Under Mike Wishnie’s supervision, along with Ramzi Kassem, Chris Lasch, and Hope Metcalf, the Worker & Immigrant Rights Advocacy Clinic (WIRAC) has been busy this semester. The Fair Haven raids defense team argued and won the right to a hearing for their motion to suppress evidence unlawfully obtained during the ICE residential raids of 2008. As a result of this unprecedented ruling, all seventeen plaintiffs testified about how they were uniquely impacted by ICE’s illegal tactics. Thus far, student teams representing other individuals arrested in the New Haven area raids have been successful in challenging pre-existing orders of deportation. One team argued and won a motion to reopen an old removal order before the Second Circuit. Another team, also before the Second Circuit, won vacatur of a past deportation order, which enabled their client to pursue an asylum claim.
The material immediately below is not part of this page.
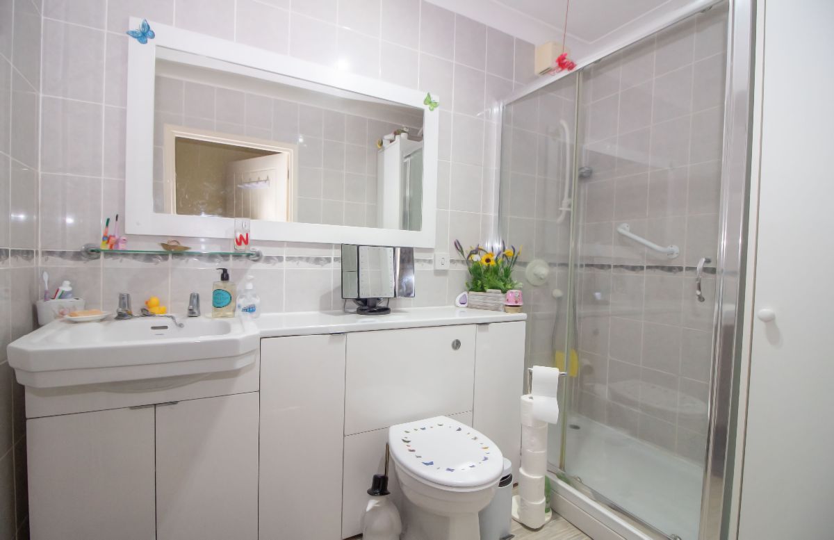 Modern suite comprising walk in shower cubicle, wash hand basin and low level wc set in vanity unit, tiled walls and flooring, coved and textured ceiling, emergency alarm pull cord, wall mounted extractor fan, wall mounted electric heater.

WIRAC FOIA teams have been active this semester, and their vigor and tenacity have generated substantial documentary evidence to support cases on the docket, including claims for civil rights damages. In a particularly complicated criminal case, students devised a strategy for relief for a long-detained client by reviving a little-used writ, which could serve as a model for future litigation. Students are also handling three federal wage-and-hour cases on behalf of thirteen different clients, and a major civil rights suit arising from the illegal round-up of the “Danbury 11,” a group of day-laborers wrongfully arrested, as well as immigration appeals for the Danbury clients. On the non-litigation front, WIRAC students have pursued clients’ interests through legislative campaigns, public education, and media outreach. Advocacy with the Hartford Common Council has resulted in a resolution to raise the living wage for Hartford workers and a municipal ordinance that ensures confidentiality of immigration status for Hartford residents, which is the strongest legislation its kind in the nation. Through Know Your Rights presentations at two local immigration detention facilities, students have identified new clients and particular problems affecting immigration detainees.

It is extraordinary to think how far clinical education has come in forty years. It is very much a shared journey, from the earliest prison and mental health work to the many projects in which we are currently engaged.